C’est notamment ce denier choix que vont développer, en renouant d’une certaine manière avec les premières réalisations autonomes du mouvement ouvrier, un certain nombre d’acteurs "émergents".

L’exercice de la citoyenneté est compris selon certains comme des cours de civisme, pour d’autres comme une alphabétisation politique, pour d’autres encore comme la construction de mouvements sociaux.

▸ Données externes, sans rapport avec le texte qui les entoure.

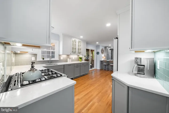 The main level offers a rare and convenient bedroom with a full bath—perfect for guests or multigenerational living. The heart of the home is the stunning gourmet kitchen featuring quartz countertops, GE Café appliances, a gray glass subway tile backsplash, custom cabinetry, and an oversized island that seats four. Custom cabinetry continues into the adjacent living space, offering the perfect setup for a stylish home office.

Aucune de ces approches n’est exclue des pratiques souhaitées par les politiques d’éducation permanente au terme du décret de 2003 :
"L’analyse critique de la société, la stimulation d’initiatives démocratiques et collectives, le développement de la citoyenneté active et l’exercice des droits sociaux, culturels, environnementaux et économiques dans une perspective d’émancipation individuelle et collective en privilégiant la participation active des publics visés et l’expression culturelle."

Ce décret a donc la particularité d’inscrire le soutien aux associations dans une démarche politique, sans pour cela organiser l’inféodation des pratiques.

L’engagement de subsidiation structurelle (reconnaissance pour 5 ans reconductible pour les associations reconnues) et l’influence de l’avis d’un Conseil supérieur, composé de manière pluraliste des seules associations, est une exception européenne qui assure une autonomie importante à l’éducation populaire.

Sa principale ambiguïté reste cependant de circonscrire le champ de l’éducation permanente : c’est un secteur de la Fédération Wallonie-Bruxelles (même si, heureusement la volonté d’éducation permanente est aussi à l’œuvre dans les bibliothèques, les maisons de jeunes et les centres culturels) alors que l’éducation populaire se veut transversale à tous les champs (social, école, justice, santé, environnement, économie, politique…) et transcende les frontières institutionnelles.

C’est une telle éducation populaire permanente qui pourrait être étendue et soutenue aux Régions wallonne et bruxelloise, tout en se revendiquant aussi de cette dynamique au niveau européen.